2. Эта героизация, разумеется, иронична. Речь вовсе не идет о том, чтобы современная установка сакрализовала текущий момент, чтобы пытаться удержать или увековечить его. Речь не идет и о том, чтобы воспринимать его как мимолетную, но интересную достопримечательность. Бодлер называет такую установку «фланированием», «шатанием». Фланирование ограничивается тем, что раскрывает глаза, задерживает внимание на каком-то моменте и включает его в копилку памяти. Человеку фланирования Бодлер противопоставляет современного человека: последний движется, бегает, ищет. Абсолютно неизбежно такой человек – одиночка, наделенный воображением. Он скитается по великой человеческой пустыне с целью более возвышенной, чем у того, кто просто фланирует, с целью более общей, не похожей на мимолетное удовольствие от ситуации. Он занят поисками того, что мы позволим себе назвать современностью.
Бодлер приводит в пример рисовальщика Константина Гиса. Внешне – фланер, любитель достопримечательностей, он – «последний всюду, где может расцвести просвещение, возникнуть поэзия, роиться жизнь, звучать музыка, всюду, куда страсть может бросить свой взор, всюду, где естественный человек и человек приличий всматриваются в странную красоту, всюду, где солнце освещает мимолетные радости развратного животного».

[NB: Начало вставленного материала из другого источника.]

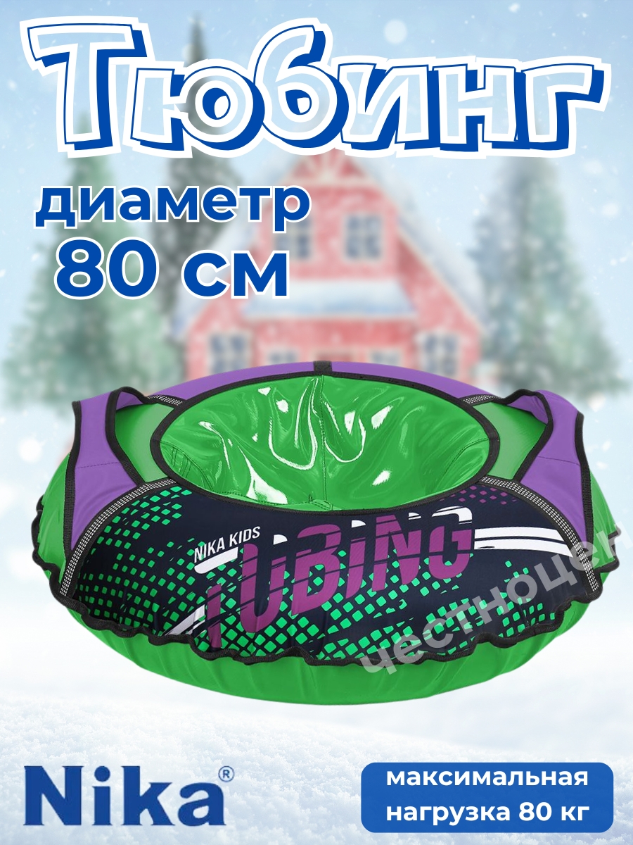 Тюбинг для активного зимнего отдыха с ярким неоновым рисунком. Для детей от 5 лет.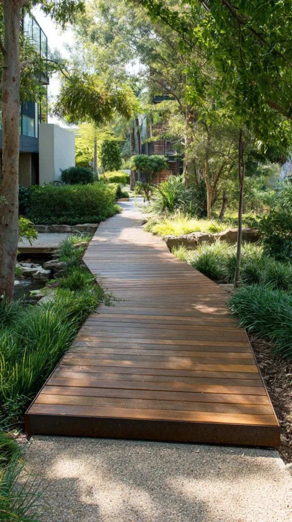 Combining raw timber decking with sleek steel edging creates a pathway that feels industrial yet warm — a combination that works exceptionally well in urban gardens and rooftop terraces. The contrast between the natural grain of the wood and the precision of the metal detailing gives this style an architectural quality that photographs beautifully. Add solar-powered path lights along the steel edging to extend the visual impact into the evening hours.
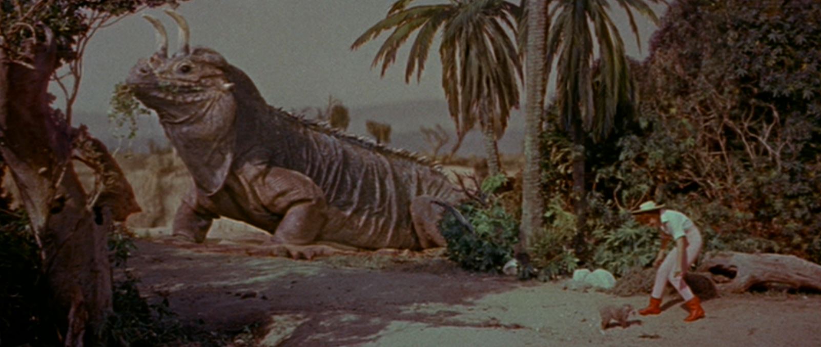 Doch was dem Film fehlt, sind glaubhafte Dinosaurier. Genau wie im 20 Jahre zuvor entstandenen Steinzeitmenschen-Klamauk Tumak, der Herr des Urwalds kommen hier ins Riesenhafte vergrößerte Eidechsen zum Einsatz. Diese wurden mit Hörnern und Knochenkämmen beklebt, in eine Felsschlucht geworfen, ertränkt und (höchstwahrscheinlich mit Hilfe von Elektroschocks) aufeinander losgelassen.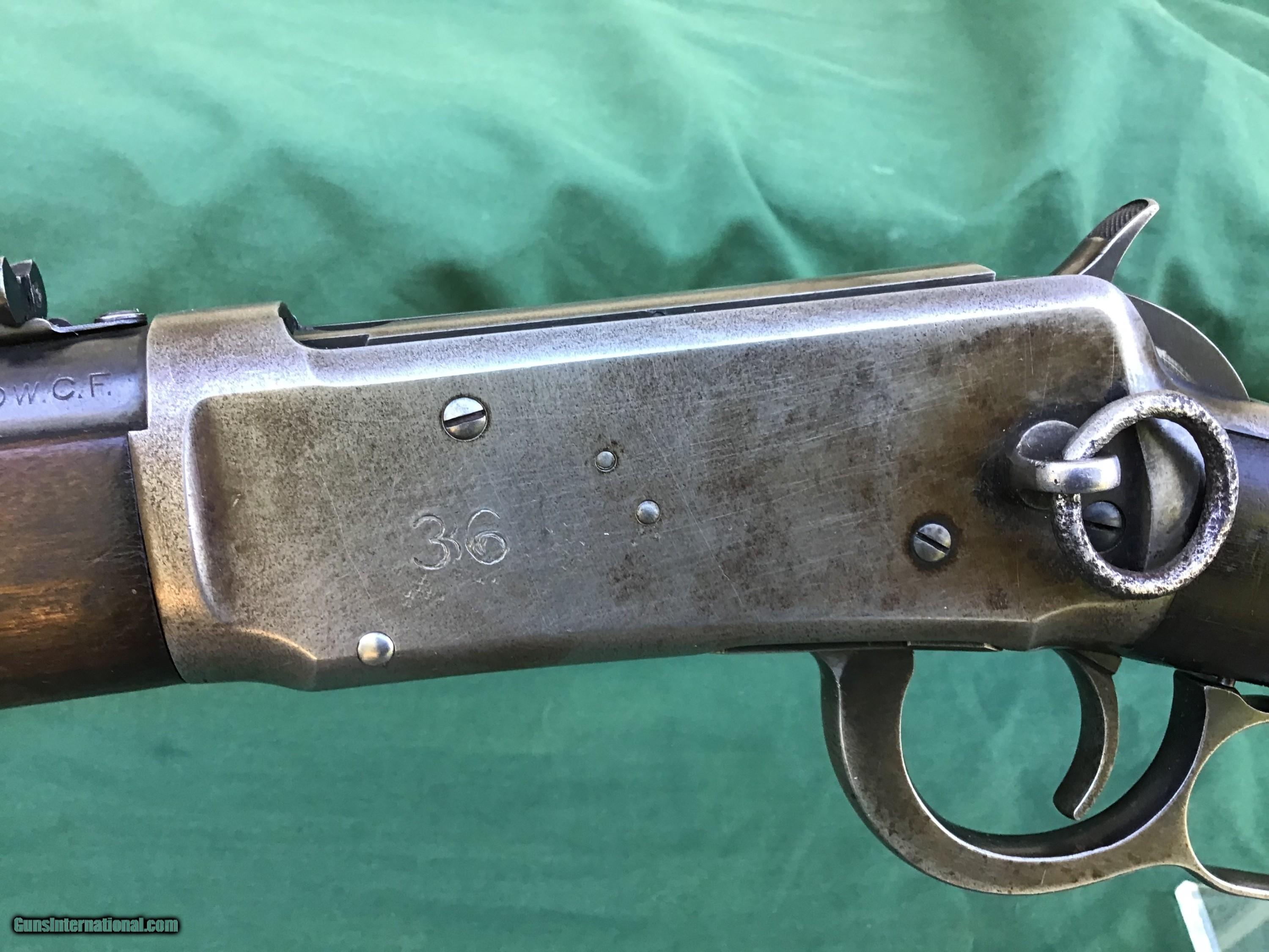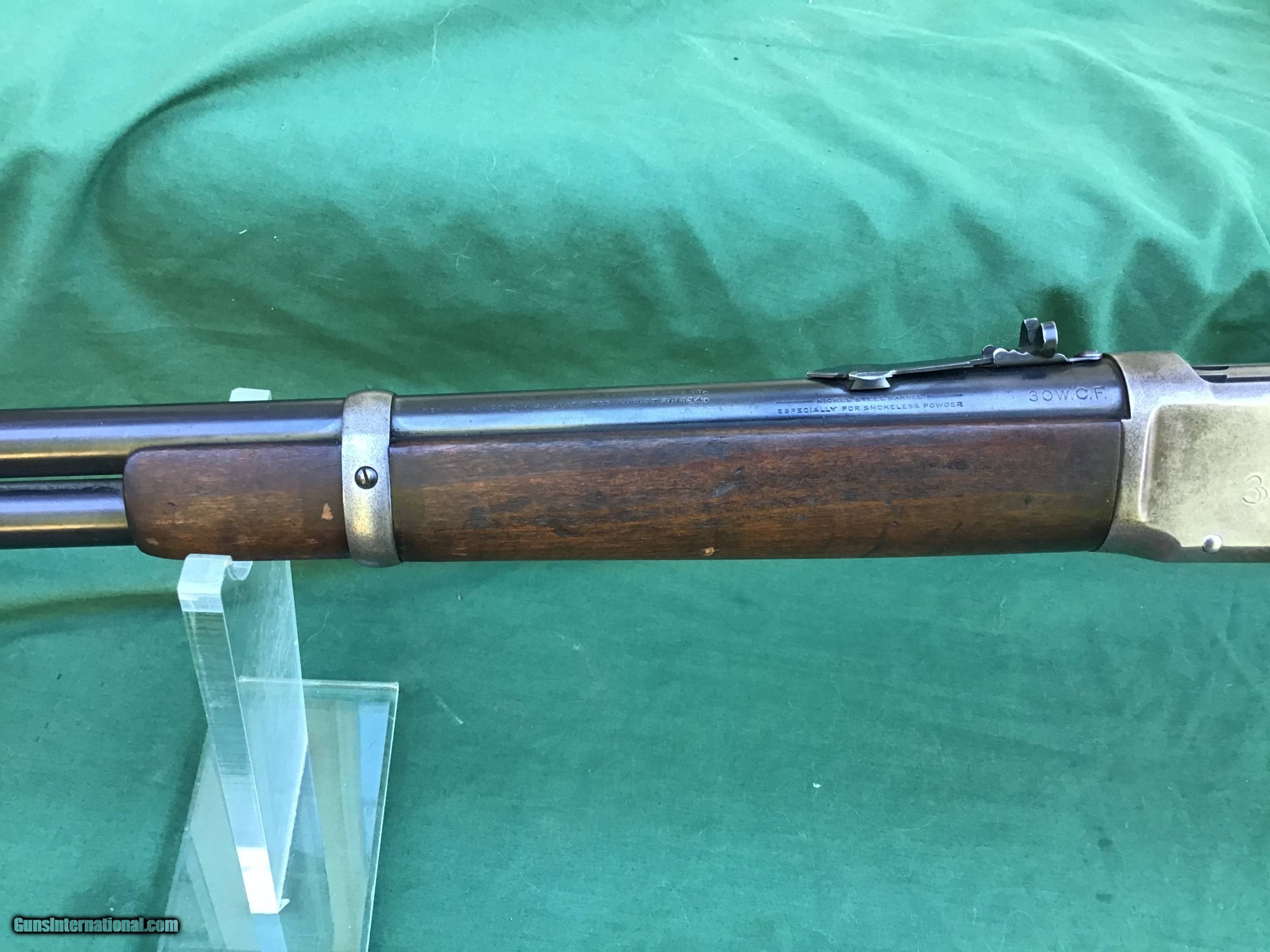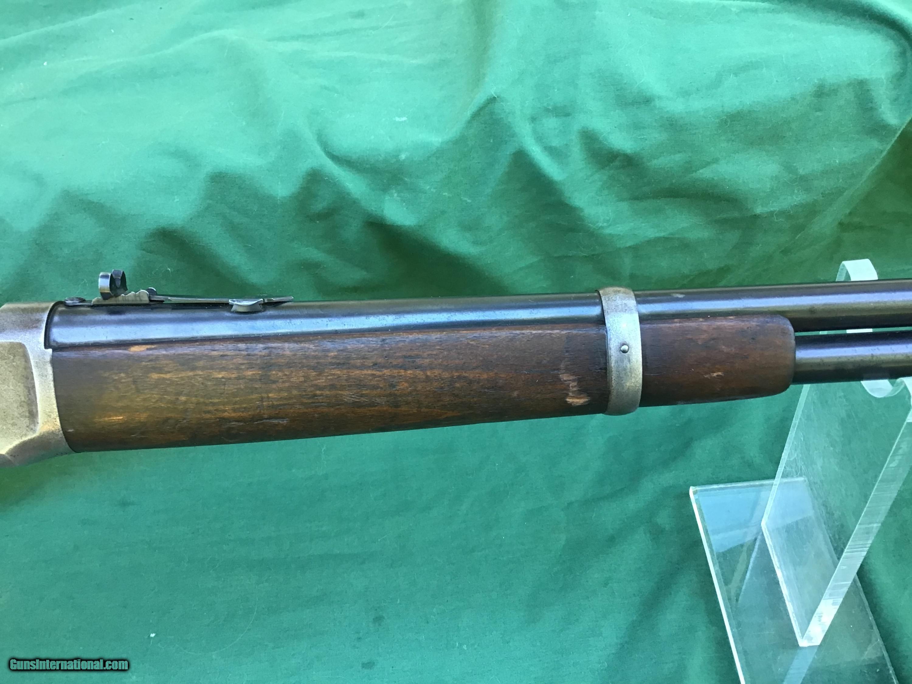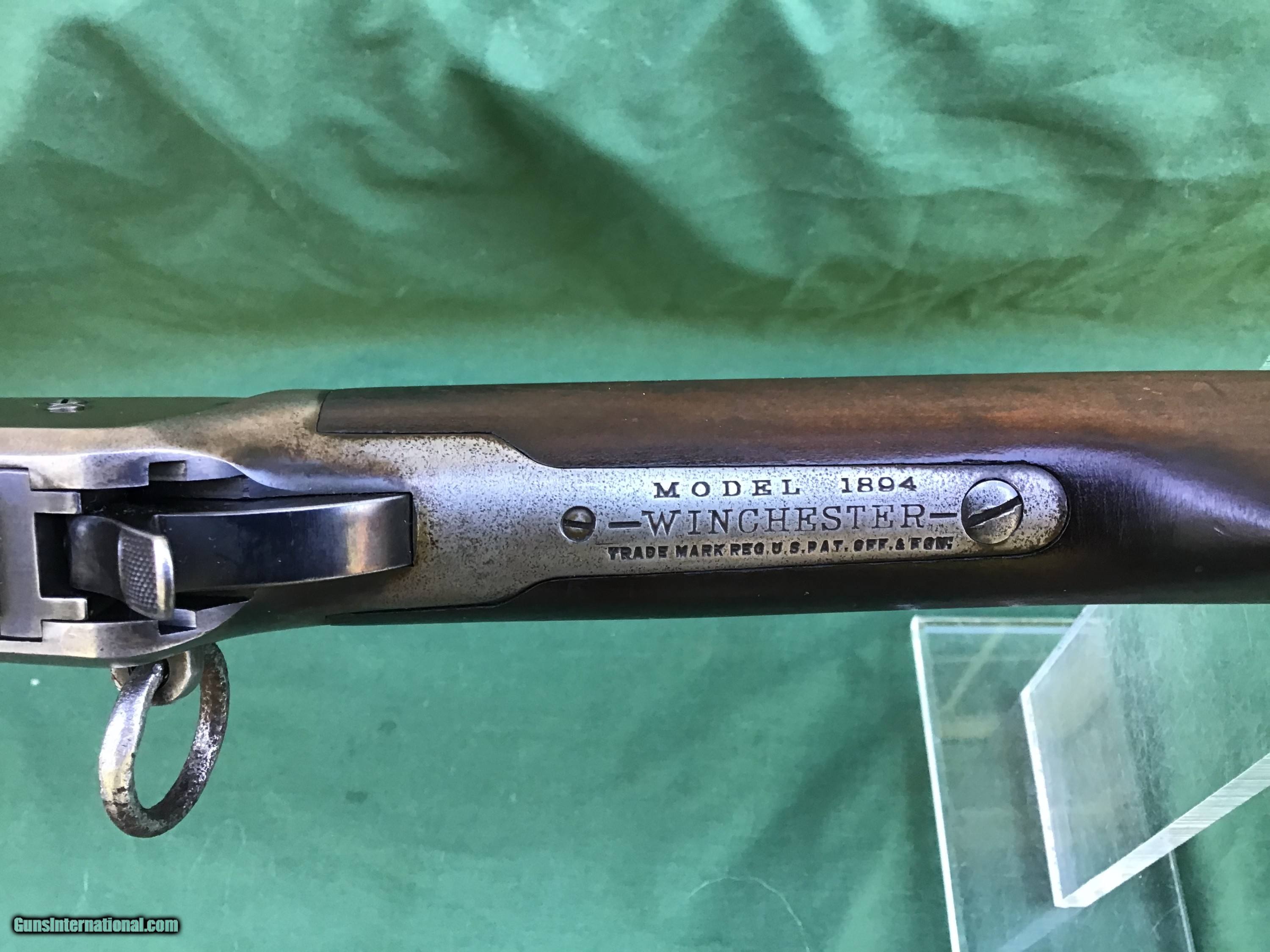 Description: 1894 Winchester Saddle Ring Carbine in .30 WCF. Manufactured in 1917. 20" barrel and full magazine tube retain 80 to 85% of their original blue. Nice bore which I will rate a 8 on a scale from 1 to 10. Receiver is a nice gray / brown patina. Rack number 36 is stamped on left side of receiver (police gun or security agency)? Action functions smoothly. Both forend and buttstock are in good condition showing the normal handling marks you would expect to see from a gun of this vintage. Must ship to a FFL or Curio and Relics license dealer. This firearm as well as any other should be checked first before any attempt is made to fire / operate it. Please feel free to ask questions. SOLD Curio/Relic: Yes |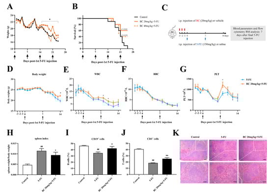 We next investigated the effects of BC on bone marrow hematopoietic function of 5-FU-injured mice (Figure 6C–K and Figure 7). Mice were again pretreated with 20 mg/kg BC or vehicle for 3 consecutive days followed by an injection of a lethal dose of 5-FU once a week, but they were sacrificed 7 days after the second cycle of 5-FU injection (Figure 6C) and subjected to designated evaluations. Besides ameliorating the loss of body weight as shown in Figure 6A (Figure 6D), BC pretreatment also improved the number of white blood cells (WBC) and platelets (PLT) but not red blood cells (RBC) to different degrees in the peripheral blood of 5-FU-injured mice (Figure 6E–G). In addition, control mice with 2 cycles of 5-FU injection displayed an excessive increase in the spleen index (Figure 6H) but a decrease in the proportions of CD19+ B cells and CD3+ T cells in the spleen (Figure 6I,J), which were, however, all relieved to some extent by BC pretreatment (Figure 6H–J). Histological analysis of the spleen showed that 5-FU induced splenic injury as indicated by disturbed white and red pulp structures, smaller germinal centers and obscure marginal zone between red and white pulp, while BC dosing prior to 5-FU injection obviously improved the histological structure of the spleen (Figure 6K). All the above data demonstrate that prophylactic administration of BC can enhance the survival and ameliorate the myelosuppression of mice that underwent multiple rounds 5-FU injection.

Но здесь нельзя ошибаться. Константин Гис – не фланер: в современного художника par exellence [17] превращает его в глазах Бодлера то, что в час, когда весь мир погружается в сон, он принимается за работу и преображает этот мир. И это преображение не является отменой реальности, но сложной игрой между правдой этой реальности и осуществлением свободы: вещи «естественные» превращаются в «более, чем естественные», «прекрасные» – в «более, чем прекрасные», а вещи особенные запечатлены «наделенными энтузиастической жизнью, как душа самого автора». Для современной установки высокая значимость настоящего неотделима от настойчивого стремления представлять его иначе, чем оно есть, и преображать его, не разрушая, но схватывая самую суть. Бодлеровская современность – такое занятие, при котором крайнее внимание к реальности сталкивается с практикой свободы, одновременно уважающей эту реальность и совершающей над ней насилие.
3. Тем не менее для Бодлера современность – не просто форма отношения к настоящему: это также модус отношения, который необходимо выработать к самому себе. Добровольно избранная современная установка связана с неизбежным аскетизмом. Быть современными не значит принимать самих себя такими, какими мы являемся в потоке проходящих мгновений; это значит рассматривать себя в качестве объекта сложной и трудной переработки: в соответствии со словарем эпохи Бодлер называет это «дендизмом». Я не буду пересказывать всем знакомые страницы: те, что касаются «грубой, земной, низкой» натуры, те, что описывают неизбежный бунт человека против самого себя, те, что излагают «доктрину элегантности», предписывающую «этим тщеславным и униженным фанатикам» дисциплину более строгую, чем самые ужасные из религий; наконец, страницы, говорящие об аскетизме денди, который из своего тела, осанки, чувств и страстей, из своего существования делает произведение искусства. Современный человек, по Бодлеру, – не тот, кто пускается на поиски самого себя, своих секретов, своей потаенной истины; он – тот, кто жаждет изобрести себя самого. Такая современность «не высвобождает в человеке его собственную суть», а нацеливает его на формирование самого себя.
4. И, наконец, последнее. Бодлер не считает, что подобная ироническая героизация настоящего, игра свободы и реальности ради преображения последней, аскетическое самоформирование могут иметь место непосредственно в обществе или в политике. Они могут осуществляться лишь в иной области – той, что Бодлер называет искусством.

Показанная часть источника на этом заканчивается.